◆ EXERCISE DESCRIPTION ◆
Please give back each line of the material unchanged, but without the images.

Top of STORED DATA

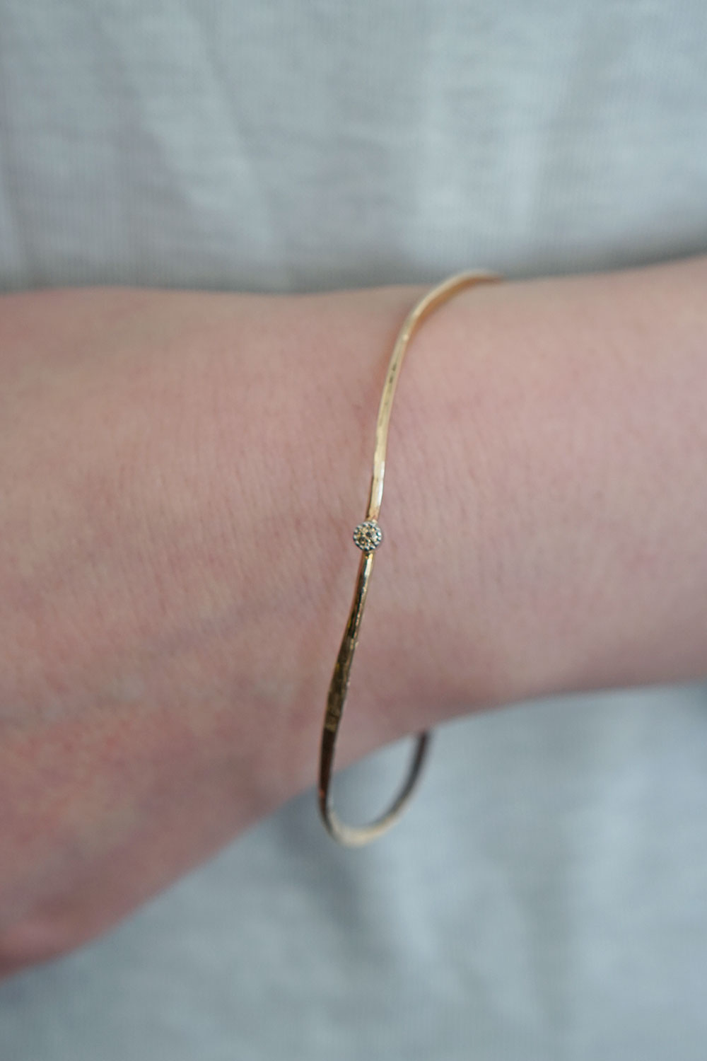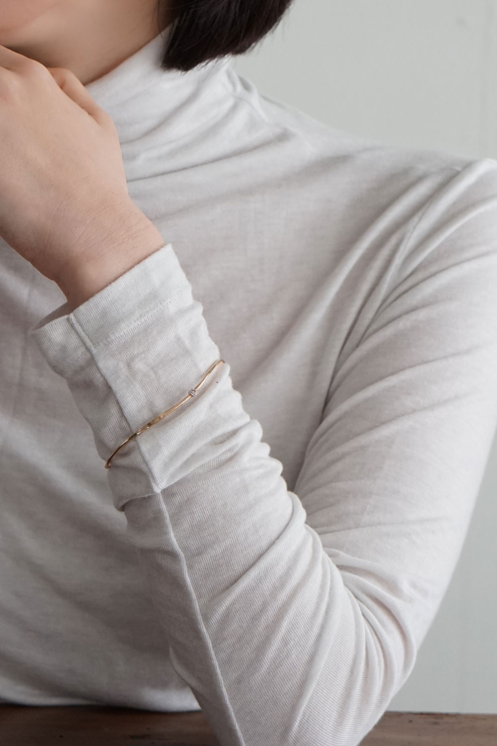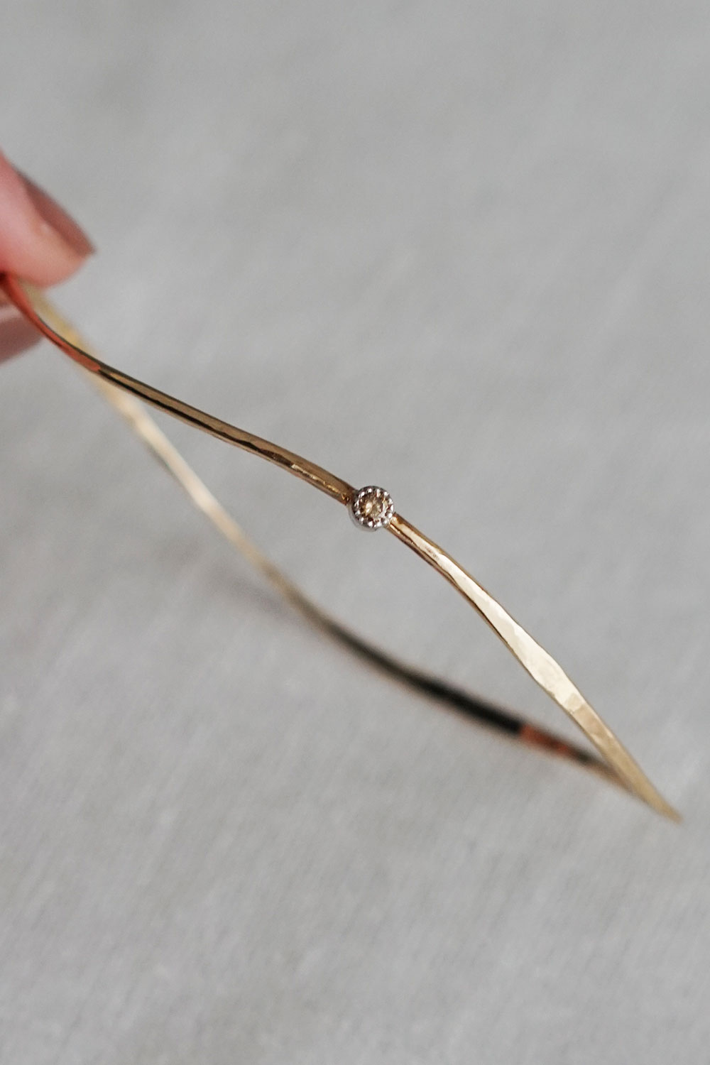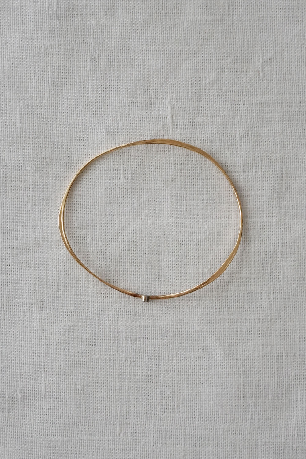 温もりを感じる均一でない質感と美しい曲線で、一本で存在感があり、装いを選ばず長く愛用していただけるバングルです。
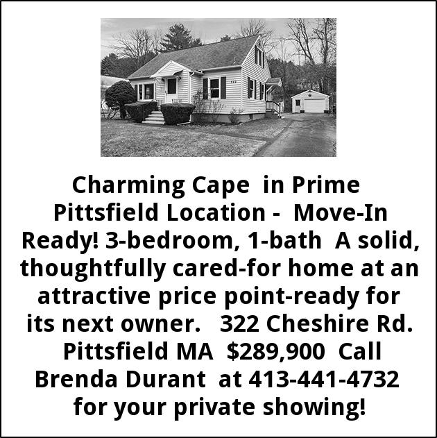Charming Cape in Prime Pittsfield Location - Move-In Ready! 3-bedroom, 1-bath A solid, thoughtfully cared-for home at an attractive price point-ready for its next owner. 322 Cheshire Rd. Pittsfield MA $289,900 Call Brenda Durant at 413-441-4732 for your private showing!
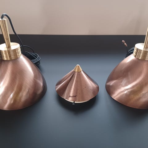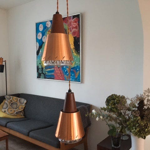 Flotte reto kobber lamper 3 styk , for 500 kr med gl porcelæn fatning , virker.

Bottom of STORED DATA

◆ RESPONSE TO THE EXERCISE ◆
 温もりを感じる均一でない質感と美しい曲線で、一本で存在感があり、装いを選ばず長く愛用していただけるバングルです。
Charming Cape in Prime Pittsfield Location - Move-In Ready! 3-bedroom, 1-bath A solid, thoughtfully cared-for home at an attractive price point-ready for its next owner. 322 Cheshire Rd. Pittsfield MA $289,900 Call Brenda Durant at 413-441-4732 for your private showing!
 Flotte reto kobber lamper 3 styk , for 500 kr med gl porcelæn fatning , virker.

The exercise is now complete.